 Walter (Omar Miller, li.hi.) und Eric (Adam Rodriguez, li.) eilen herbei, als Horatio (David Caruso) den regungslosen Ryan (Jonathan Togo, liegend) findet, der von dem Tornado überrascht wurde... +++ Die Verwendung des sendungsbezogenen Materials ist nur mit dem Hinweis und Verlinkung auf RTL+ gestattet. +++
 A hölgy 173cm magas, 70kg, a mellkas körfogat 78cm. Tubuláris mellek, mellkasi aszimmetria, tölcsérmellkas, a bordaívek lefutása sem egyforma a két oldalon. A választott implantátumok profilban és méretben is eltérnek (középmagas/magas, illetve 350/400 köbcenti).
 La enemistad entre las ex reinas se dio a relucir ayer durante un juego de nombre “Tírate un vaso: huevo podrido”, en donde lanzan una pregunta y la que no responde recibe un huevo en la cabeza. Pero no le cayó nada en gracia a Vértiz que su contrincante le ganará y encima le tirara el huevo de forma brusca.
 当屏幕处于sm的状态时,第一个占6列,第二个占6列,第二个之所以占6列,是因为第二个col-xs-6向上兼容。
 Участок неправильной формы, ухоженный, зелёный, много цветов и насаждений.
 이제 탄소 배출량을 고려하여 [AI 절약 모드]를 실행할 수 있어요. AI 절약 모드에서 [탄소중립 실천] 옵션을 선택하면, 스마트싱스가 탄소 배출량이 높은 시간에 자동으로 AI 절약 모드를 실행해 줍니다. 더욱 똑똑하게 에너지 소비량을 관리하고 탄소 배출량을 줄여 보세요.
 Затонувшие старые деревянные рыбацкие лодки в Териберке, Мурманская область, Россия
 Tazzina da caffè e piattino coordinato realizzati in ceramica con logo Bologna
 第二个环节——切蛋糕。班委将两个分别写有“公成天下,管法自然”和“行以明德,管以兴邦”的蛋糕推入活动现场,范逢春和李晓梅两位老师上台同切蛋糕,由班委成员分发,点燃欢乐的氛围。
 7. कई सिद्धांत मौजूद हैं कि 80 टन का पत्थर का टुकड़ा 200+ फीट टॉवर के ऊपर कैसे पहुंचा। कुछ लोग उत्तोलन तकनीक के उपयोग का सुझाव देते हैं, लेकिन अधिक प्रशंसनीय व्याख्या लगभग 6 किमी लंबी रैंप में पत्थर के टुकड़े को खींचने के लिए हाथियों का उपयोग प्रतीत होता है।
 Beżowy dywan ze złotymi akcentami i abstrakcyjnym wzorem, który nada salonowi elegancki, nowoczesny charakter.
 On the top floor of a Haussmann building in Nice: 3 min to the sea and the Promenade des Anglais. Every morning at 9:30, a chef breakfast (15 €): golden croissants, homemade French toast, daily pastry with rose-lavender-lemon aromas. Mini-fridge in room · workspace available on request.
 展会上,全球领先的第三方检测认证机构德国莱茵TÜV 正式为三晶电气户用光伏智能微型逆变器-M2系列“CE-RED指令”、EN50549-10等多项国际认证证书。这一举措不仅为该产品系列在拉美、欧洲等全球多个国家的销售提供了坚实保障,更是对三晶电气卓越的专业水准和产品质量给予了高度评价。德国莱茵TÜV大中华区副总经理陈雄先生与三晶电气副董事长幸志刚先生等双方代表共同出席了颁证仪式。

• _Task details_: From the data above, copy each line exactly.

• _Final answer_:
 Walter (Omar Miller, li.hi.) und Eric (Adam Rodriguez, li.) eilen herbei, als Horatio (David Caruso) den regungslosen Ryan (Jonathan Togo, liegend) findet, der von dem Tornado überrascht wurde... +++ Die Verwendung des sendungsbezogenen Materials ist nur mit dem Hinweis und Verlinkung auf RTL+ gestattet. +++
 A hölgy 173cm magas, 70kg, a mellkas körfogat 78cm. Tubuláris mellek, mellkasi aszimmetria, tölcsérmellkas, a bordaívek lefutása sem egyforma a két oldalon. A választott implantátumok profilban és méretben is eltérnek (középmagas/magas, illetve 350/400 köbcenti).
 La enemistad entre las ex reinas se dio a relucir ayer durante un juego de nombre “Tírate un vaso: huevo podrido”, en donde lanzan una pregunta y la que no responde recibe un huevo en la cabeza. Pero no le cayó nada en gracia a Vértiz que su contrincante le ganará y encima le tirara el huevo de forma brusca.
 当屏幕处于sm的状态时,第一个占6列,第二个占6列,第二个之所以占6列,是因为第二个col-xs-6向上兼容。
 Участок неправильной формы, ухоженный, зелёный, много цветов и насаждений.
 이제 탄소 배출량을 고려하여 [AI 절약 모드]를 실행할 수 있어요. AI 절약 모드에서 [탄소중립 실천] 옵션을 선택하면, 스마트싱스가 탄소 배출량이 높은 시간에 자동으로 AI 절약 모드를 실행해 줍니다. 더욱 똑똑하게 에너지 소비량을 관리하고 탄소 배출량을 줄여 보세요.
 Затонувшие старые деревянные рыбацкие лодки в Териберке, Мурманская область, Россия
 Tazzina da caffè e piattino coordinato realizzati in ceramica con logo Bologna
 第二个环节——切蛋糕。班委将两个分别写有“公成天下,管法自然”和“行以明德,管以兴邦”的蛋糕推入活动现场,范逢春和李晓梅两位老师上台同切蛋糕,由班委成员分发,点燃欢乐的氛围。
 7. कई सिद्धांत मौजूद हैं कि 80 टन का पत्थर का टुकड़ा 200+ फीट टॉवर के ऊपर कैसे पहुंचा। कुछ लोग उत्तोलन तकनीक के उपयोग का सुझाव देते हैं, लेकिन अधिक प्रशंसनीय व्याख्या लगभग 6 किमी लंबी रैंप में पत्थर के टुकड़े को खींचने के लिए हाथियों का उपयोग प्रतीत होता है।
 Beżowy dywan ze złotymi akcentami i abstrakcyjnym wzorem, który nada salonowi elegancki, nowoczesny charakter.
 On the top floor of a Haussmann building in Nice: 3 min to the sea and the Promenade des Anglais. Every morning at 9:30, a chef breakfast (15 €): golden croissants, homemade French toast, daily pastry with rose-lavender-lemon aromas. Mini-fridge in room · workspace available on request.
 展会上,全球领先的第三方检测认证机构德国莱茵TÜV 正式为三晶电气户用光伏智能微型逆变器-M2系列“CE-RED指令”、EN50549-10等多项国际认证证书。这一举措不仅为该产品系列在拉美、欧洲等全球多个国家的销售提供了坚实保障,更是对三晶电气卓越的专业水准和产品质量给予了高度评价。德国莱茵TÜV大中华区副总经理陈雄先生与三晶电气副董事长幸志刚先生等双方代表共同出席了颁证仪式。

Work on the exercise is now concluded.